Make no mistake, Senate Democrats are playing ideological politics with Bush ‘s judicial nominees. Just look at the numbers. This year there have been 117 vacancies on the federal courts — half the seats on the Sixth Circuit Court of Appeals are now vacant. The president has thus far nominated 60 candidates to fill those vacancies. Yet only 12 of those nominees have been confirmed by the Senate, and two of those were Democratic holdovers from the Clinton years, renominated by President Bush as a gesture to the Democrats. Some of the most qualified candidates have languished since early May; yet the Senate Judiciary Committee, controlled by the Democrats since late May, has refused even to hold hearings on their nominations.
What Democrats have done instead is try to thoroughly politicize the confirmation process. Thus, in June, and again in early September, they held hearings not on the nominations but on whether nominees should have to pass an ideological litmus test, made up by Democrats, before being confirmed. What’s the point of having judges hear cases on abortion, gun control, or affirmative action if you’re going to decide those cases, in effect, during the Senate confirmation process? To listen to the Democrats, judges should decide cases not on the facts and the law but on the basis of their ideology. That’s the death of the rule of law.
Republicans, then, have a genuine gripe — about both the way Democrats view the courts and the way they’re going about the judicial confirmation process. It’s as if Democrats were still fighting Bush v. Gore and the Florida long count, which of course is exactly what they’re doing.
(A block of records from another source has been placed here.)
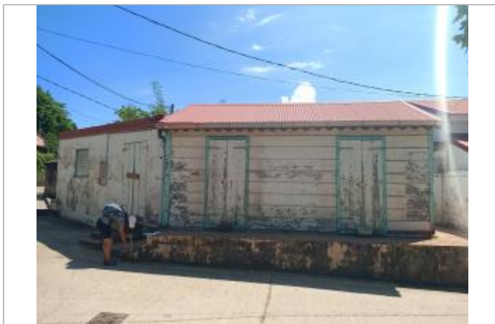
Vue depuis l'école primaire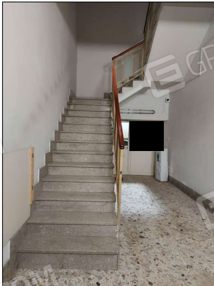
Foto corpo scala ingresso piano terra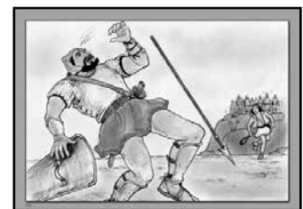
1 Царств 17:1 – 18:9.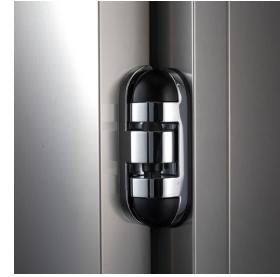
Detail des Scharniers für Anschlagtür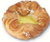
SPANDAUER 1 st x 80 g Artnr: 460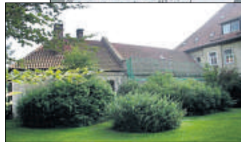
Vorher – nachher: Im linken Bild der Blick auf den Südflügel, wie er sich heute präsentiert, im großen Bild die Simulation des fertigen Neubaus.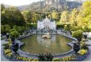
Lin.I, Hauptfassade, großes Bassin, DI005778, BSV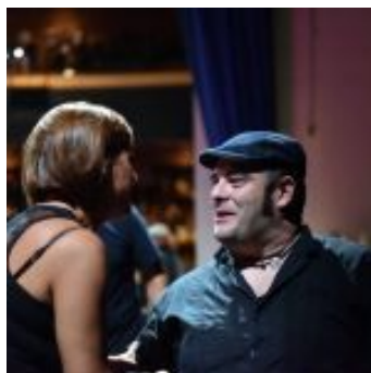
Kinshasa Electric

But if you’re going to oppose this Democratic lawlessness, you’ve got to be smart about it. You’ve got to pick your fights carefully, then take your case to the public forcefully. When the nation’s at war you don’t block the foreign operations spending bill over the confirmation of Republican judges. You don’t have to be a rocket scientist to see Democrats having a field day with that.
Yet those simple points seem to have gone right by the Republicans. Last week Senate Minority Leader Trent Lott (R‑Miss.) confidently crowed that the Democrats eventually would have to make some deal on judicial nominees. “When you’re majority leader, you can huff and puff about how you’re not going to negotiate,” Lott said. “But you have to.” Well, this week it was Lott who blinked.
At a congressional leadership breakfast at the White House on Tuesday, President Bush asked Senate Majority Leader Tom Daschle (D‑S.D.) if there was any progress on judicial confirmations. Daschle pointed to the Republican stall, then added, “you need these appropriations bills more than I do.” Either the president hadn’t been briefed by Senate Republicans, or he wasn’t on board. But in either case, the party folded its tent. Perhaps the most revealing line came later from Lott, after rightly criticizing Senate Judiciary Committee Chairman Patrick Leahy (D‑Vt.) for moving confirmations so slowly: “It’s important not to be arguing even over that.”
Thus, it’s comity, above all, that Senate Republicans seem to crave. If they want to be in the game, they’re going to have to learn hardball. For the moment, however, we’re told that they’ve turned their attention to an energy bill as part of an economic stimulus package. We’re all Keynesians now.